__About this exercise__.
Repeat the listing word for word. No pictures belong in the copy.

__Dataset excerpt__.
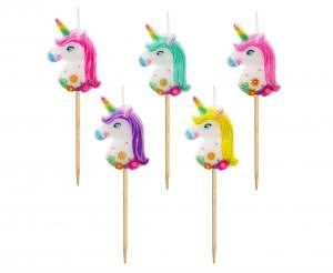 Svíčky dortové 5ks Jednorožec, barevný, na párátku
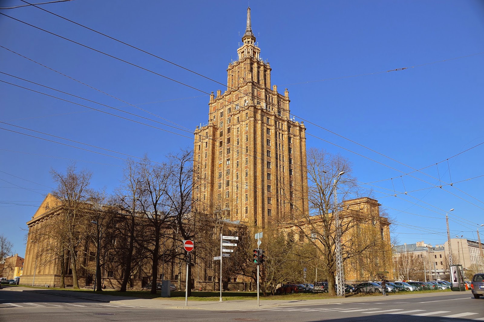Estamos perante um dos mais impressionantes edifícios desta zona da cidade.A sua construção iniciou-se logo depois da segunda guerra mundial e a sua arquitectura é claramente de estilo soviético.
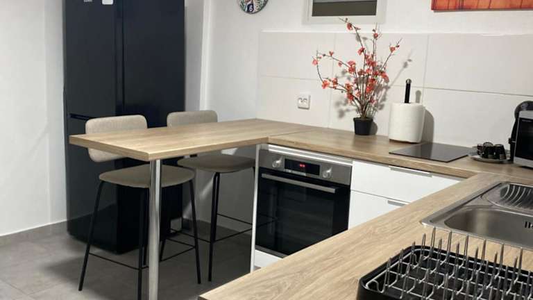 Die Ferienwohnung besticht durch eine Klimaanlage und beinhaltet 1 Schlafzimmer sowie ein Wohnzimmer. Eine voll ausgestattete Küche mit Kühlschrank und Kaffeemaschine steht zur Verfügung, ebenso ein Badezimmer mit Dusche. Handtücher und Bettwäsche sind vorhanden.

__Written reply__.
 Svíčky dortové 5ks Jednorožec, barevný, na párátku
Estamos perante um dos mais impressionantes edifícios desta zona da cidade.A sua construção iniciou-se logo depois da segunda guerra mundial e a sua arquitectura é claramente de estilo soviético.
 Die Ferienwohnung besticht durch eine Klimaanlage und beinhaltet 1 Schlafzimmer sowie ein Wohnzimmer. Eine voll ausgestattete Küche mit Kühlschrank und Kaffeemaschine steht zur Verfügung, ebenso ein Badezimmer mit Dusche. Handtücher und Bettwäsche sind vorhanden.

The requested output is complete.